Dans sa plainte, Me Abdelmadjid Silini avait affirmé avoir fait « l’objet de graves menaces au sein même de son bureau par son antagoniste qui l’a traité de tous les noms ».

Le plaignant avait par ailleurs indiqué, lors de l’instruction judiciaire, que « le mis en cause lui avait déclaré qu’il s’opposerait à son élection une autre fois à la tête du barreau d’Alger, allant jusqu’à le menacer de mort en cas de réussite ».

Me Amara Mohsene avait déposé, rappelons-le, en été 2014, une requête devant le tribunal administratif d’Alger, demandant l’annulation pure et simple de l’assemblée générale des avocats du barreau d’Alger, laquelle s’était transformée en une arène de combat, et ce pour non-respect du règlement intérieur régissant la profession de l’avocat.

Me Mohsene avait estimé que le bâtonnier de la région d’Alger n’avait respecté aucune forme prévue dans la loi relative à l’organisation de la profession de l’avocat car l’ordre du jour de l’assemblée générale devait être communiqué 15 jours à l’avance aux avocats puis être approuvé par les 31 membres du Conseil de l’ordre des avocats du barreau.

Toujours selon lui, les membres du Conseil n’ont été informés du contenu de l’assemblée que la veille de sa tenue, d’où un complot bel et bien maquillé par l’entourage de son antagoniste : « Ils ont témoigné contre moi car ils ont peur de lui. Ils ont déclaré que je l’avais injurié et menacé alors qu’ils n’étaient pas présents au moment des faits. »

Me Mohsene avait déposé une plainte contre le jeune avocat qui l’a violenté : « Je me réserve le droit de le poursuivre devant le conseil disciplinaire du bâtonnat et si aucune décision ne venait à être prise à son encontre suite à son comportement irresponsable et agressif, je serais obligé de l’ester en justice ».

Il disait détenir des preuves matérielles tangibles quant à l’agression dont il a fait l’objet et se disait également avoir été témoin dans une agression similaire dont a été victime un autre confrère de la profession par le même avocat. Ce dernier avait été amené, a ajouté Me Mohsene, devant le conseil disciplinaire du barreau d’Alger.

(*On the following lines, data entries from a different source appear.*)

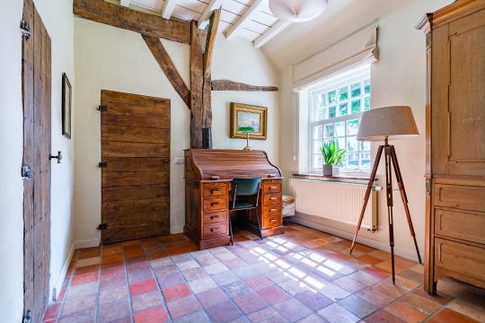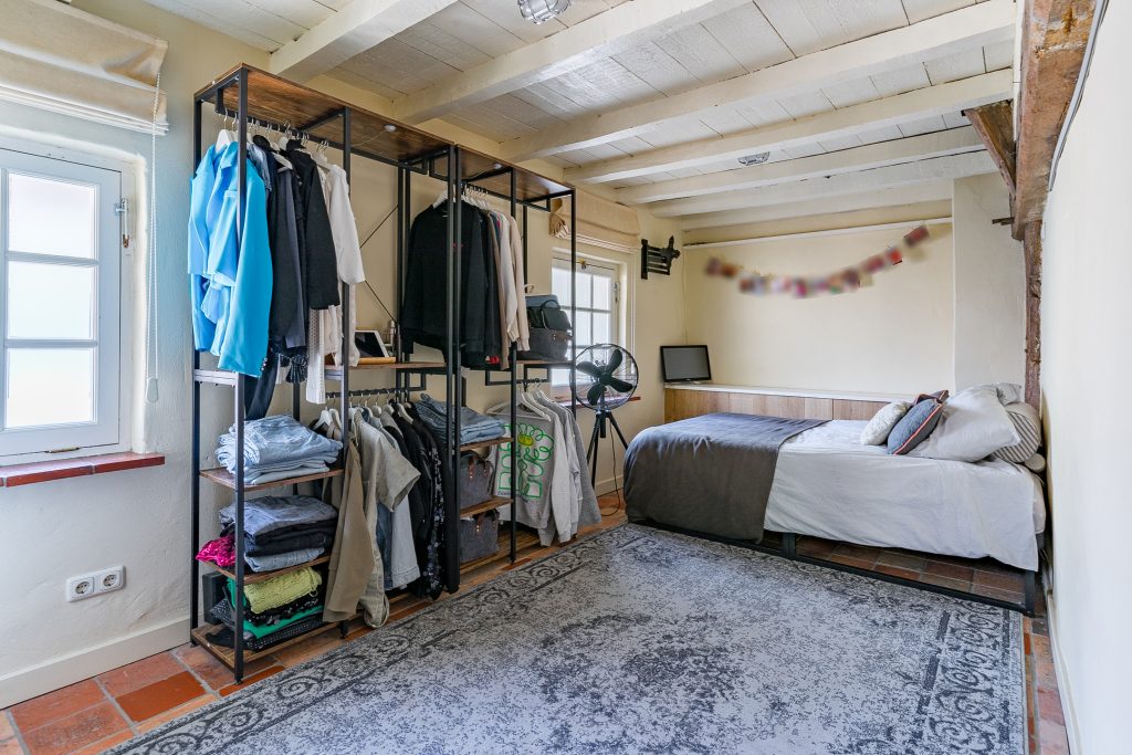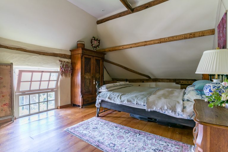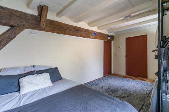 Aan de rechterzijde van de boerderij ligt een comfortabele slaapkamer op de begane grond, voorzien van een plavuizenvloer, stucwerkwanden en een karakteristiek balkenplafond. Vanuit deze slaapkamer is er directe toegang tot de badkamer.
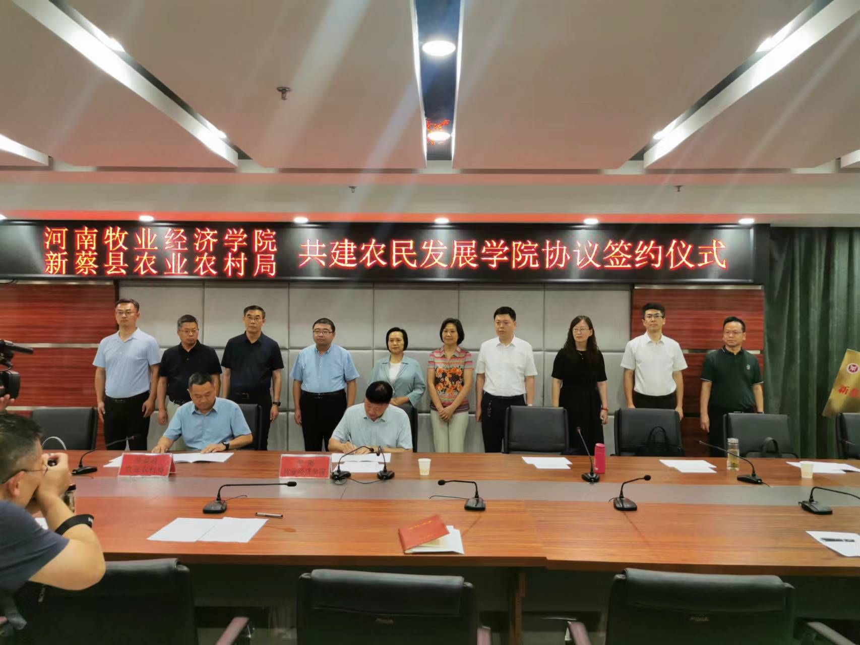 6月20日,校长尹新明、校党委副书记杨志清带队赴新蔡县开展校地结对帮扶工作,同新蔡县人民政府续签校地战略合作框架协议,尹校长和新蔡县副县长尹坤分别代表学校和新蔡县人民政府签订《战略合作框架协议》。koko体育官网院长宋平与新蔡县农业农村局局长李斌签订了《新蔡县农民发展学院协议书》,并向县农业农村局授予“新蔡县农民发展学院”牌匾。
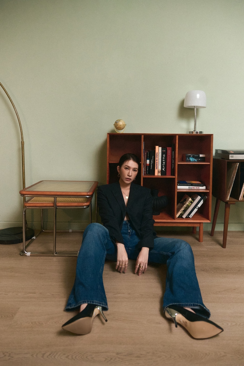 Fashion:Blazer by Stella McCartney, Jeans by A.P.C.;Shoes by Michael Kors;Jewelry by PANDORA
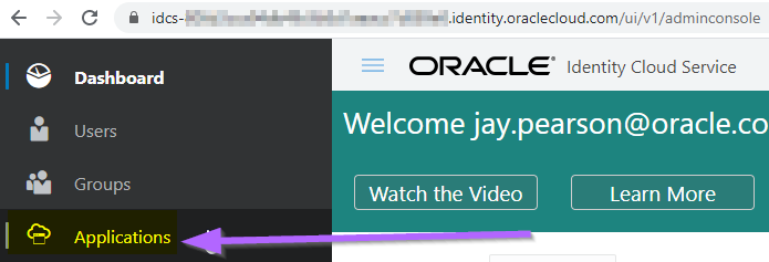or directly from IDCS Admin Console URL: https://idcs-<your idcs>.identity.oraclecloud.com/ui/v1/adminconsole/
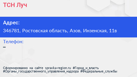 ТСН Луч по адресу 346781, Ростовская область, Азов, Инзенская, 11в в дальнейшем Организация, размещена в следующих категориях:
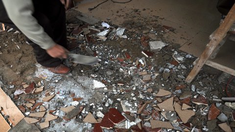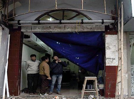 | Gia đình dọn dẹp, sửa chữa căn nhà bị hư hỏng sau vụ nổ |
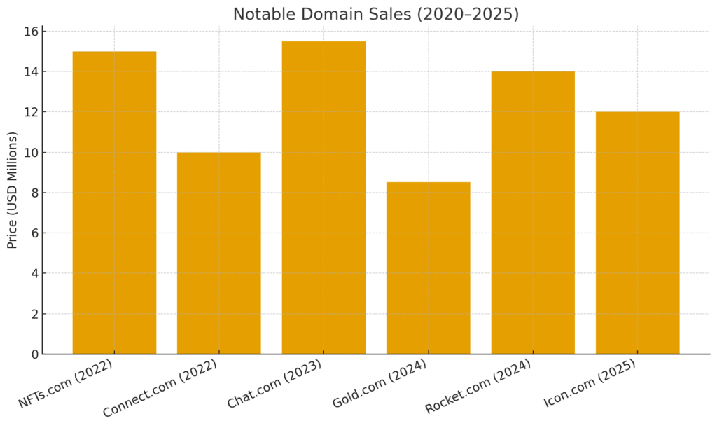 The crypto boom of 2020–2021 fueled massive demand for blockchain-related domains. Names like ETH.co, Coin.org, and numerous DeFi-related .coms sold strongly. But the 2022 crypto crash introduced volatility — speculative purchases slowed, yet the very best crypto domains held their value.
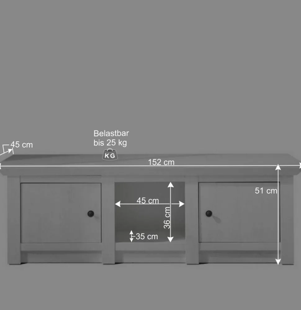 Das TV-Lowboard misst 152 cm in der Breite, 51 cm in der Höhe und 45 cm in der Tiefe. Dies bietet genügend Platz für Fernseher verschiedener Größen und gewährleistet eine optimale Sicht. Mit seiner großzügigen Belastbarkeit des Oberbodens von bis zu 25 kg können Sie Ihr Mediencenter sicher darauf abstellen.
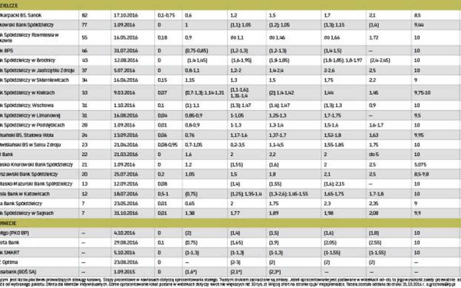 Średnie oprocentowanie dziesięciu najlepszych lokat rocznych wynosi 2,1 proc. Jest o 0,7 pkt proc. wyższe od przeciętnej na rynku stawki dla takiego terminu (1,4 proc.). W porównaniu z wrześniem oprocentowanie depozytów 12-miesięcznych jest w zasadzie bez zmian.
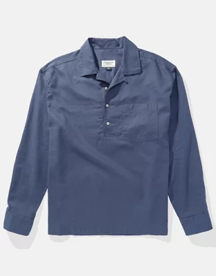 AE Camisa estilo Sudadera Manga Larga de Mezcla de Lino
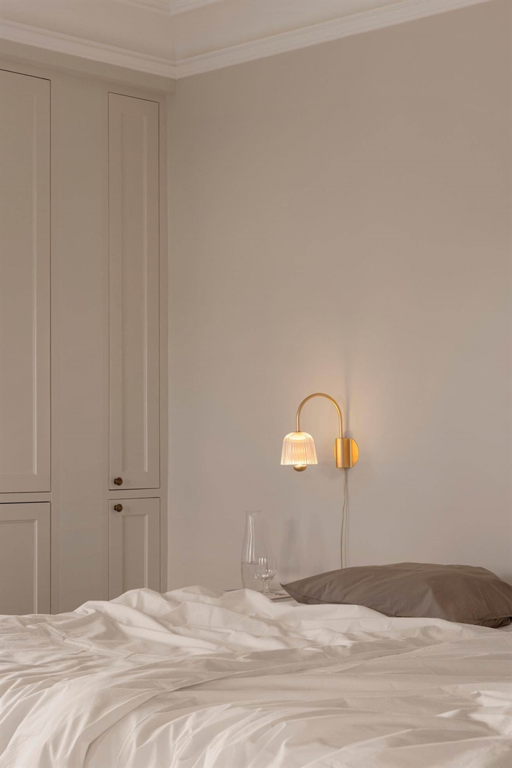 Die Wandleuchte Asteea mit dem charakteristischen glockenförmigen Acrylschirm der Lampenserie und der Konstruktion mit Satin-Messing-Finish hat ein stilvolles und exklusives Design. Die Lampe ist dimmbar und der gebogene Lampenarm kann gedreht werden, sodass das Licht nach Bedarf angepasst werden kann. Nutzen Sie beispielsweise das angenehme Licht der Wandleuchte im Wohnzimmer, wo die geriffelte Struktur des klaren Schirms ein lebendiges Lichtspiel erzeugt und dem Raum Wärme und Charakter verleiht.
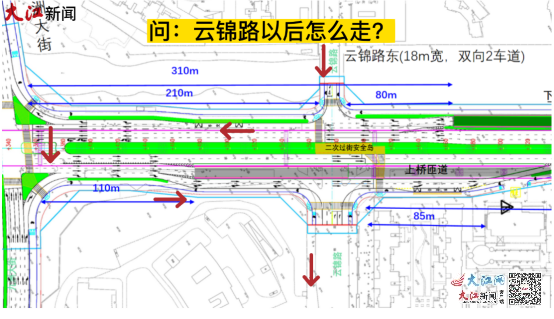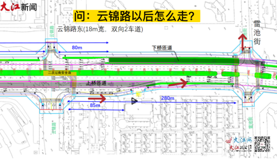 另一方面,如上桥匝道退开云锦路,挪到雷池街甚至更后面,魏星指出,这实际上促使云锦路交通与快速路上下桥交通发生冲突,也不符合相关设计规范。反之,如平移匝道开放云锦路东西直行,下桥匝道接地点距云锦路仅有80米,直行车流与匝道驶出车流两相交织,不仅压缩地面排队空间,也存在安全隐患。
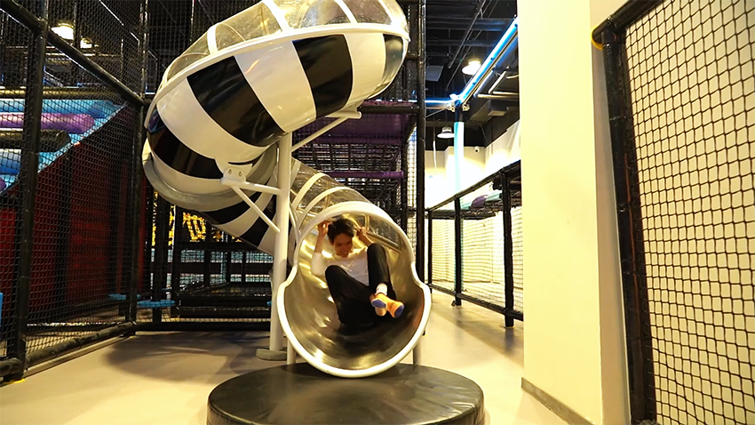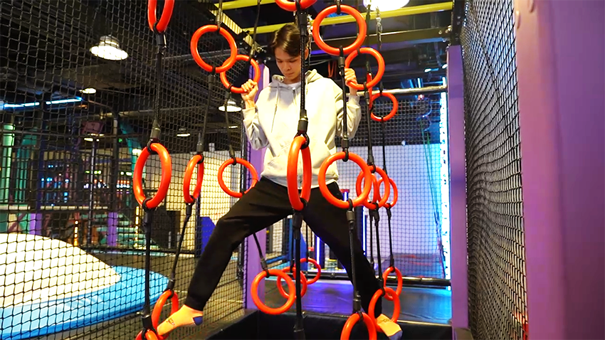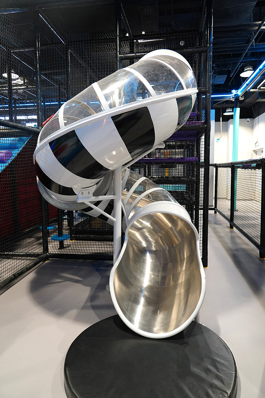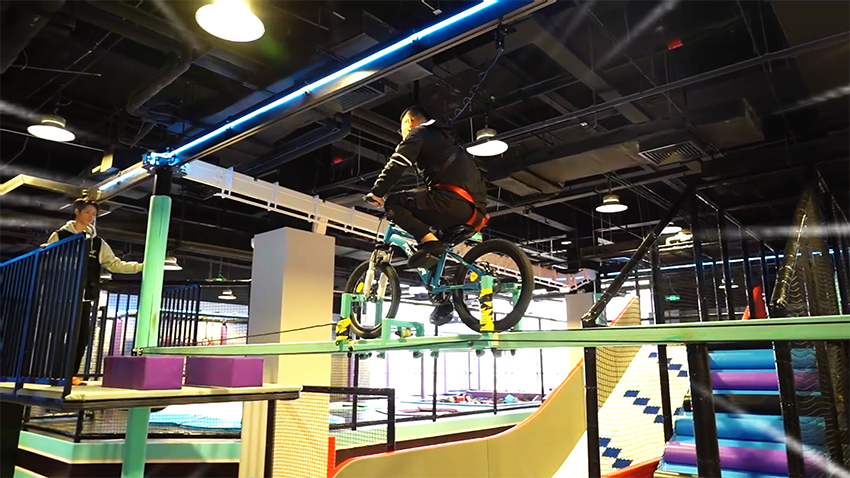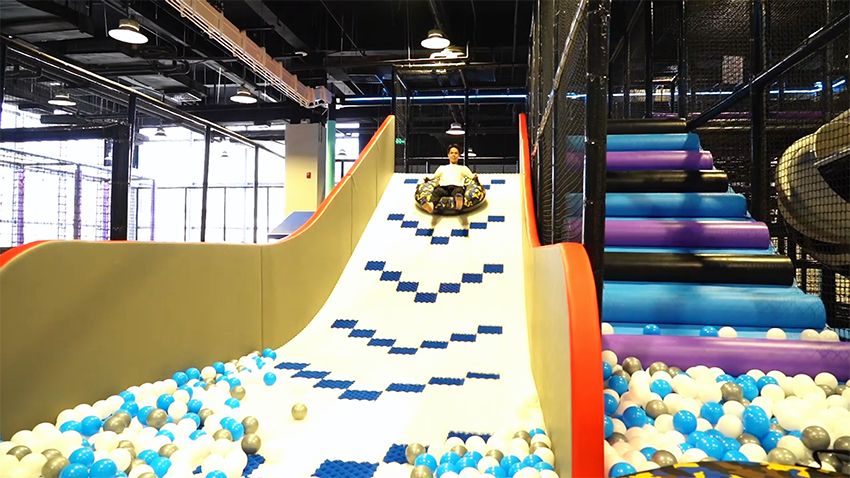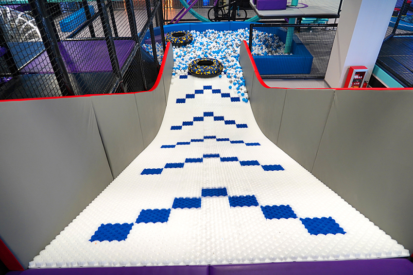 館是以“潮流運動”為主題的潮玩基地,館內設計了各種新穎、有趣的運動游樂項目,如創意攀巖、自由蹦床、螺旋滑梯、空中自行車、拓展步道、海綿池對壘、一站到底等游樂項目,是一個集娛樂、運動、競技、社交于一體的沉浸式體驗潮玩運動館。

Me Mohsene avait, en outre, affirmé que son épouse, qui fait partie du barreau d’Alger depuis plus de 23 ans, compte de son côté introduire une plainte devant notamment le parquet de la République du tribunal d’Alger pour « agression verbale » contre certains avocats qui l’avaient sommée de quitter la salle des conférences lors de l’assemblée générale des avocats d’Alger.

En outre, un incident s’est produit entre Me Amara Mohsene et Kamel Alleug ce jour-là, et les choses auraient pris une autre tournure si ce n’était l’intervention de certains avocats qui ont réussi à calmer les esprits.

Le mis en cause a nié, au cours de son audition, les faits qui lui ont été reprochés au cours de l’enquête préliminaire et de l’instruction judiciaire, arguant qu’il fait l’objet « d’un coup monté de toutes pièces par l’actuel bâtonnier et ses proches collaborateurs ».